Banking in India is in crisis for some time since 2014, and there seems to be no light at the end of the tunnel. One crucial problem in the banking industry is the problems of the bank staff. The staff strength is not adequate to commensurate with the increased business. With the Government of India forcing banks to increase credit, the staff is not able to cope up with the pressure of work. There has been a number of suicides by young staff, and a number of staff are quitting the bank job due to pressure of work and poor salary.
Public perception is that bank staff are well paid, and they work in airconditioned offices in a happy atmosphere. A brief analysis shows that this is not true.
Till 1979 bank officers’ salary was more than that of civil servants. The Pillai Committee recommendations made both at par. Subsequently, the civil servants got better salary through Pay Commissions but bankers’ salary did not grow equal, in spite of bipartite settlements. Today the basic salary of a civil servant at officer’s scale at entry-level is Rs.56,100/- whereas in banks it is just Rs.23,700/-. In the insurance sector it is Rs.32,795/-. In RBI, NABARD and SIDBI it is around Rs. 33,000/-. Hence youth do not see the job attractive.

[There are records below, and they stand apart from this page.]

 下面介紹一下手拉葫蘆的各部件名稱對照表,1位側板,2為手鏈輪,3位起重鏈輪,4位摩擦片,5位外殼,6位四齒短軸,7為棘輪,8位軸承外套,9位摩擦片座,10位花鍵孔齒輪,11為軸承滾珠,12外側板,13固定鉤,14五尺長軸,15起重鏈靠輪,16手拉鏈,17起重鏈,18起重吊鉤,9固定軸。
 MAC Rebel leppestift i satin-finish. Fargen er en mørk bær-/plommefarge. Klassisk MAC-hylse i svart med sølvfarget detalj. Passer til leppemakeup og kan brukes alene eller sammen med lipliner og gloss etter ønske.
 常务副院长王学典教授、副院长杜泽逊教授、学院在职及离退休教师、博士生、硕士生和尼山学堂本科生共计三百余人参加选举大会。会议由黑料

RBI, NABARD, Central Govt offices and most of the State Government offices work 5 days a week whereas Banks have only 2 Saturday off. The bank staff today work up to late hours, but they are not paid any overtime. The work-life balance is not at all satisfactory, and banks are nowhere in the list of good places to work.

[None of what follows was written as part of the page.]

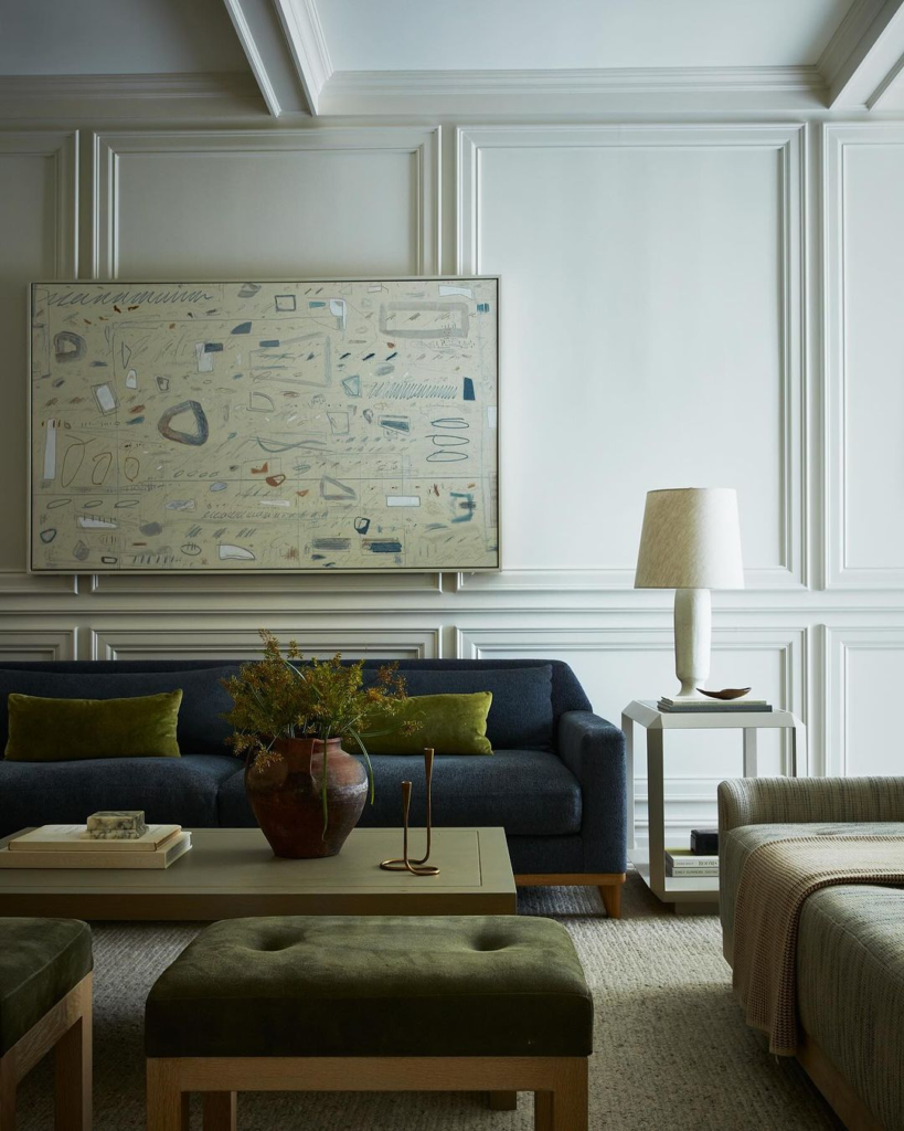 Muted wall paneling provides a refined backdrop for eclectic artwork, while olive green accents bring a touch of earthy sophistication. The navy sofa and textured ottomans offer both style and comfort. This space elegantly blends classic design with rich, earthy hues.

Maternity Benefit Act provides for crèches in offices where the staff strength is more, but in the banking sector, it is not implemented.

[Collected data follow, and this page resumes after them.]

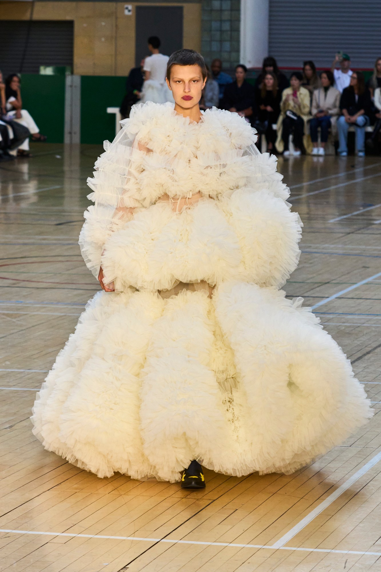 The show was roughly split into four sections, demarcated by changes in music and subtle shifts in the silhouettes and colour, with each section the dresses getting bigger and brighter, culminating with a huge, white dress, so voluminous it was almost spherical.
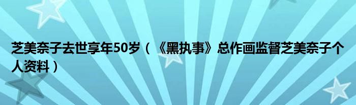 【芝美奈子去世享年50歲 《黑執事》總作畫監督芝美奈子個人資料】據日媒,《黑執事》總作畫監督芝美奈子因癌癥轉移于3月14日下午去世,享年50歲。
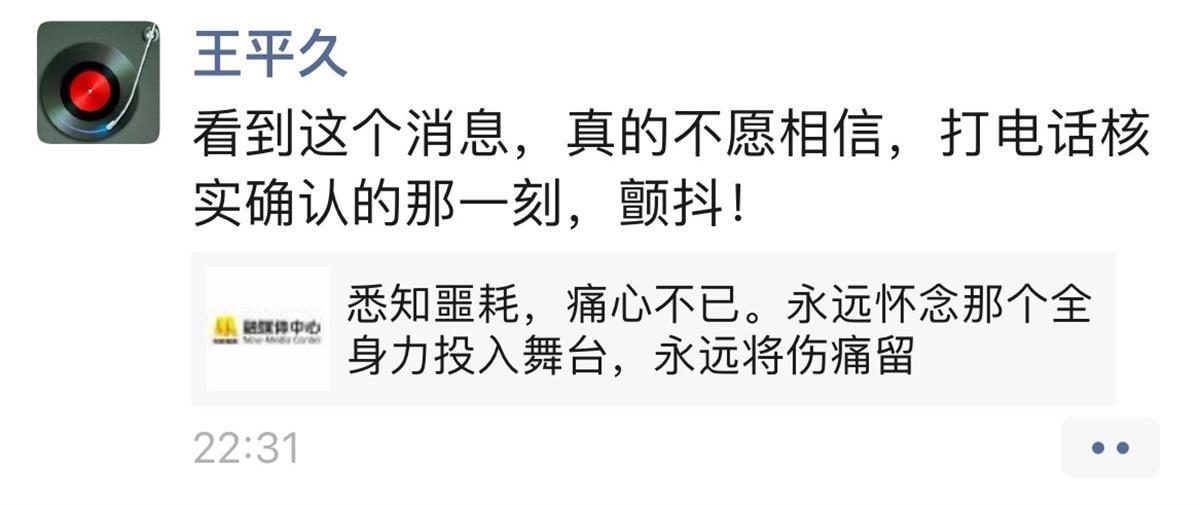 5日晚21:46,电影频道节目中心副总编辑,第36届大众电影百花奖颁奖晚会总策划王平久在朋友圈透露悲痛之情,表示打电话核实确认(李玟去世消息)的那一刻“(忍不住)颤抖”,“没想到你会这样离去,去年武汉《刀马旦》一别,竟成永远!这次去香港还说找你,可是……”
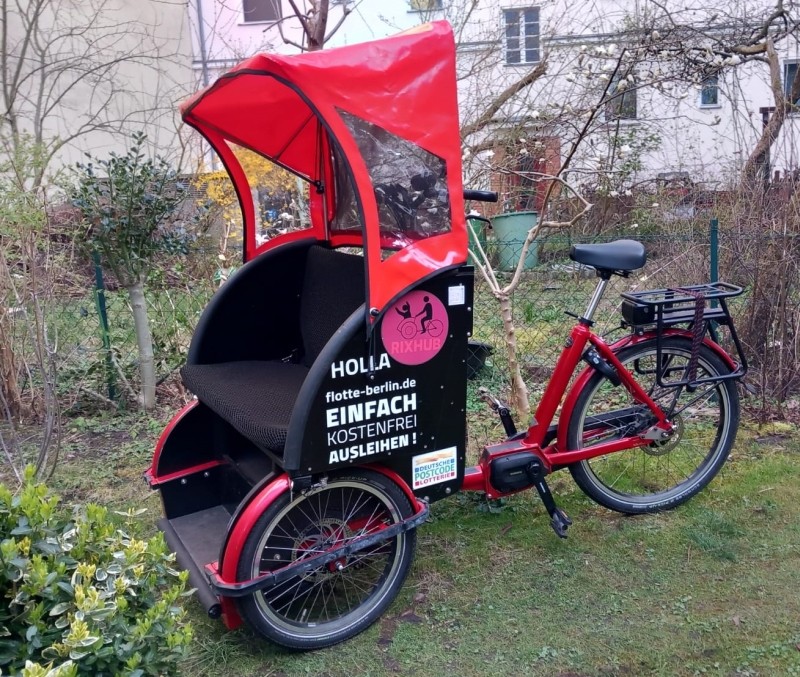 Holla ist eine Bakfiets Rikscha Deluxe und kann zwei Passagiere bequem befördern.

Retirees in the bank are also in a pitiable condition. The Govt employees on retirement get 50% of last drawn pay as pension, which is updated with every Pay Commission implementation, but in the Banking sector, it is not updated regularly with wage revision. SBI officers have a ceiling of 40% of last drawn pay as pension. Family pension in Govt is 30% of last drawn pay, whereas in most of the banks it is only 15%.
Govt employees have health care from good hospitals even after retirement, whereas the bankers are at the mercy of insurance companies. Individuals are able to get better service from hospitals with insurance than the industry level insurance scheme.
This is affecting the quality of staff in the banks, the quality of service and also the quality of credit.
Unless the Indian Bank Association and the Finance Ministry of Government of India address these issues, the future of banking and bank staff will be in crisis. We will have sub-standard staff, who will provide sub-standard services and the credit quality will also be sub-standard.
Thomas Franco is former General Secretary of All India Bank Officers’ Confederation.